Dispersed suburbs
Letchworth Garden City was the first holistically planned new settlement of the garden city movement, which aimed to combine the best aspects of town and country living. The competition brief issued by RIBA on behalf of the Letchworth Garden City Heritage Foundation invited practices to draw up proposals for a landmark 44.5 ha site to the north of the garden city. Founded in 1903, Letchworth was extended in the 1980s but still largely consists of countryside-style
detached and semi-detached houses, with large private gardens back and front, driveways and garages; pleasant yet dispersed suburbs without sufficient concentration of people to support effective public transport. While the centrally located railway station provides good connections to London and other regional centres, access and interchange on a local level is poor. At present over 50 per cent of commuter journeys are made by car.
Walkable neighbourhoods
Our new garden city re-thinks the local transport infrastructure to provide an on demand shared transit network serving a rationalised series of nodes. The cyclical route connects all key points into a single loop.
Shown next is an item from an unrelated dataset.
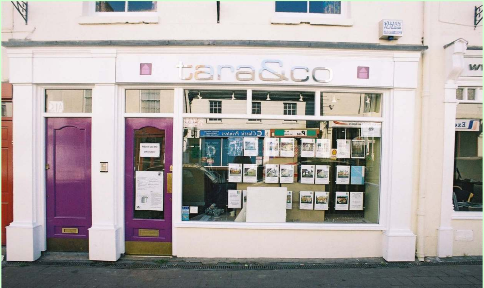
Tara & Co, 21 Clemens St

Developments are concentrated within a 400 metre radius of each node to create walkable neighbourhoods. Bus and cycle routes connect south through The Grange into Letchworth promoting sustainable travel. Car routes are restricted with three shared car parks along a peripheral road.
A variety of house-types, with courtyards, balconies and terraces replace over-sized private gardens. These provide a close relationship with the interior spaces and are generous enough to accommodate a range of uses and users. The reduced private gardens are supplemented by a rich and diverse series of semi-public and public spaces, providing an opportunity to retain the maximum amount of existing countryside with the potential to introduce additional trees, hedgerows, habitats, agriculture and leisure spaces on a much more ambitious scale than the original garden city masterplan.
The green spine acts as a high street, linking up the three communities each with a different focus - self-building and craftsmanship, market and trade, education and culture. These three micro-communities benefit from one another and work together to contribute to self-sufficiency. The density within these clusters varies, with higher density around the local centre, radiating around public spaces, with lower densities around the edge.
A green network links up farming spaces, greenways and hedgerows. The landscape becomes productive with clear functions spread across the area and within the communities: allotments, farming fields, orchards, reed beds, aquaponics, greenhouses, meadows and rainwater storage.
The proximity of the different centres enable the new community to develop independently as well as in partnership with Letchworth, and promotes an alternative way of living, focused on a sustainable approach to community life.